First, we need to process the raw variance component results from each line.
n_top <- 400
n_lines <- length(varPart_list)
n_hv_genes <- rep(NA, n_lines)
n_cells_use <- rep(NA, n_lines)
n_genes_use <- rep(NA, n_lines)
var_top_mean <- rep(NA, n_lines)
var_top_list <- list()
for (i in seq_len(length(varPart_list))) {
sort_idx <- order(varPart_list[[i]]$clone, decreasing = TRUE)

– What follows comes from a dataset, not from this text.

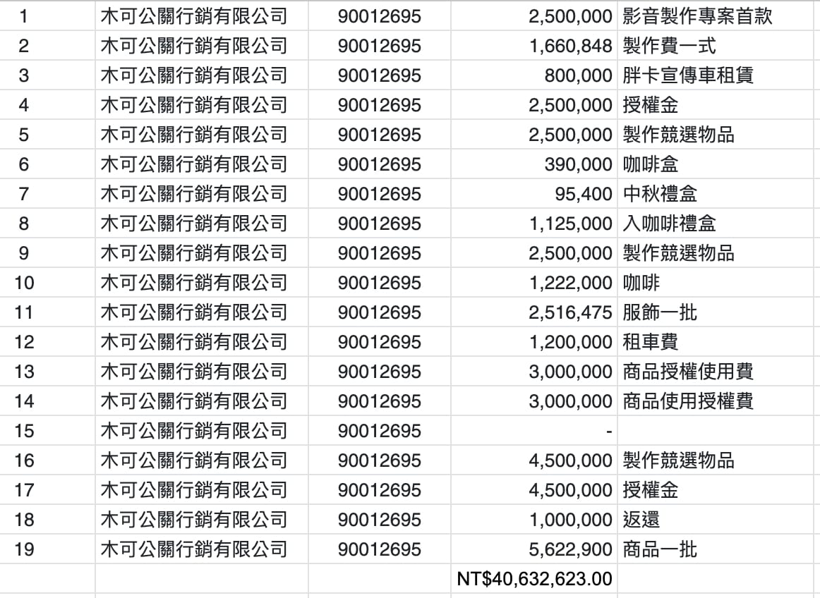 吳靜怡指出,柯文哲在選戰中刻意製造藍白分裂,並營造「很窮」的人設,透過小額募款的方式向年輕人直接要錢,這些募款經費通過多筆「授權」轉入「木可公關」,成為其無本創業的起手式「再來就是『左邊口袋通往右邊口袋的現金流』,右邊口袋就是總統經費帳戶的財源,選舉的財源鎖定從募款而來,那麼就必須要有不斷的競選募款小物上架,這些小物就能從左邊口袋採購而來」,她表示,柯文哲利用小草們的善心,獲得折扣後的貨源,再用分潤的方式簽約,讓貨源達到無本進貨,完成最後收割,達到左邊私人公司「擴大收益」的最終目標,痛批柯文哲毫無避諱地以自己的姓氏開立可能涉及關係人交易的私人公司,「到底是不要臉,還是太自戀?」,隨文附上「木可公關行銷有限公司」的金流項目表。

var_top_list[[i]] <- varPart_list[[i]][sort_idx[1:n_top], "clone",
drop = FALSE]
var_top_mean[i] <- mean(var_top_list[[i]]$clone, na.rm = TRUE)
n_hv_genes[i] <- sum(varPart_list[[i]]$clone > 0.25, na.rm = TRUE)
min_var <- 1.0
cell_idx <- which(sce_unst_list[[lines[i]]]$assigned != "unassigned")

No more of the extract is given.